J’ai dit que la plupart des Bohémiennes se mêlaient de dire la bonne aventure. Elles s’en acquittent fort bien. Mais ce qui est pour elles une source de grands profits, c’est la vente des charmes et des philtres amoureux. Non seulement elles tiennent des pattes de crapauds pour fixer les cœurs volages, ou de la poudre de pierre d’aimant pour se faire aimer des insensibles; mais elles font au besoin des conjurations puissantes qui obligent le diable à leur prêter son secours. L’année dernière, une Espagnole me racontait l’histoire suivante: Elle passait un jour dans la rue d’Alcala, fort triste et préoccupée; une Bohémienne accroupie sur le trottoir lui cria: Ma belle dame, votre amant vous a trahi. — C’était la vérité. — Voulez-vous que je vous le fasse revenir? On comprend avec quelle joie la proposition fut acceptée, et quelle devait être la confiance inspirée par une personne qui devinait ainsi d’un coup d’œil, les secrets intime du cœur. Comme il eût été impossible de procéder à des opérations magiques dans la rue la plus fréquentée de Madrid, on convint d’un rendez-vous pour le lendemain. — Rien de plus facile que de ramener l’infidèle à vos pieds, dit la Gitana. Auriez-vous un mouchoir, une écharpe, une mantille qu’il vous ait donné? — On lui remit un fichu de soie. — Maintenant cousez avec de la soie cramoisie, une piastre dans un coin du fichu. — Dans un autre coin cousez une demi-piastre; ici, une piécette; là, une pièce de deux réaux. Puis il faut coudre au milieu une pièce d'or. Un doublon serait le mieux. — On coud le doublon et le reste. — À présent, donnez-moi le fichu, je vais le porter au Campo-Santo, à minuit sonnant.

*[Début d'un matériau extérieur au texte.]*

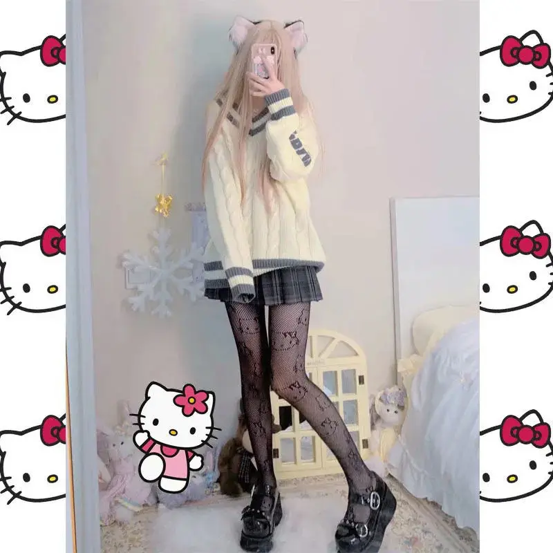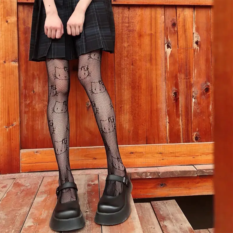 Cute Japanese Hello Kitty Fishing Net Socks Black Silk Stockings Women’s Thin Spring and Autumn Anti-hook Silk Bottom Pantyhose
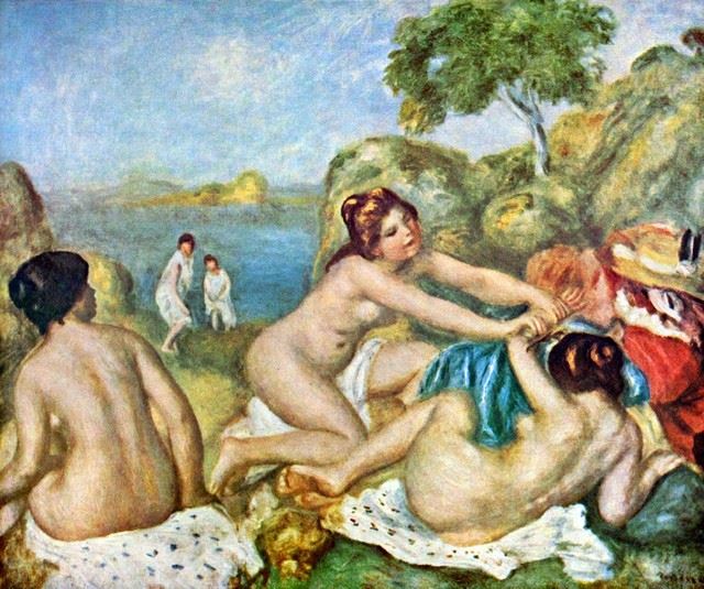 Artist: Pierre-Auguste Renoir 1841-1919 - Title: Three Bathing Girls With Crab - Medium: Fine Art Reproduction Giclee on Canvas - Image Size: Approximately 16.75 inches x 20 inches - Unframed on Unstretched Canvas - Biography: An innovative artist, P
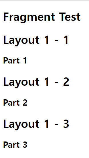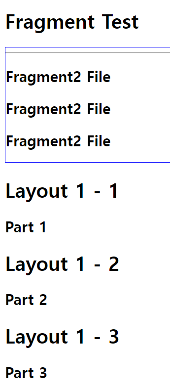 <div> <hr/> <h2>Fragment2 File</h2> <h2>Fragment2 File</h2> <h2>Fragment2 File</h2> </div>exLayout1.html에 fragment2.html 전체를 사용하는 코드 추가

Venez avec moi, si vous voulez voir une belle diablerie. Je vous promets que dès demain vous reverrez celui que vous aimez. — La Bohémienne partit seule pour le Campo-Santo, car on avait trop peur des diables pour l’accompagner. Je vous laisse à penser si la pauvre amante délaissée a revu son fichu et son infidèle.

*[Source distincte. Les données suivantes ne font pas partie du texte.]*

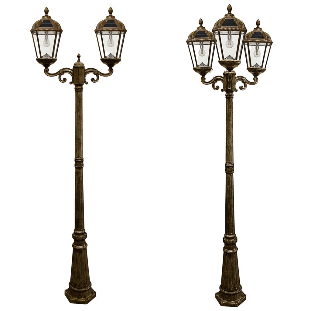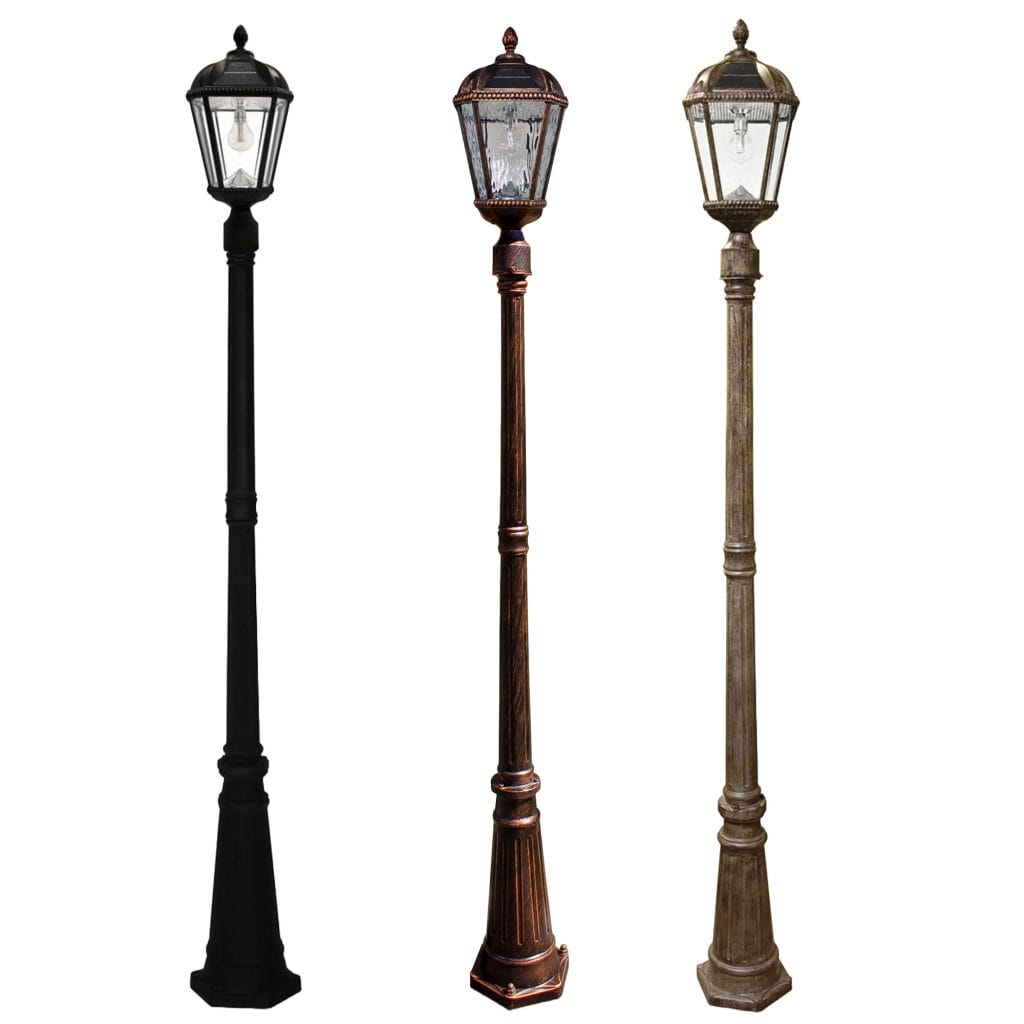 For larger areas like driveways, gardens, or walkways, the Royal Bulb Solar Single Lamp Post. offers classic design and enhanced lighting options. Available in Black, Brushed Bronze, and Weathered Bronze, the single lamp head emits 120 lumens.

Malgré leur misère et l’espèce d’aversion qu’ils inspirent, les Bohémiens jouissent cependant d’une certaine considération parmi les gens peu éclairés, et ils en sont très vains. Ils se sentent une race supérieure pour l’intelligence et méprisent cordialement le peuple qui leur donne l’hospitalité. — Les Gentils sont si bêtes, me disait une Bohémienne des Vosges, qu’il n’y a aucun mérite à les attraper. L’autre jour, une paysanne m’appelle dans la rue, j’entre chez elle. Son poêle fumait, et elle me demande un sort pour le faire aller. Moi, je me fais d’abord donner un bon morceau de lard. Puis, je me mets à marmotter quelques mots en rommani. Tu es bête, je disais, tu es née bête, bête tu mourras… Quand je fus près de la porte, je lui dis en bon allemand: Le moyen infaillible d’empêcher ton poêle de fumer, c’est de n’y pas faire de feu. Et je pris mes jambes à mon cou.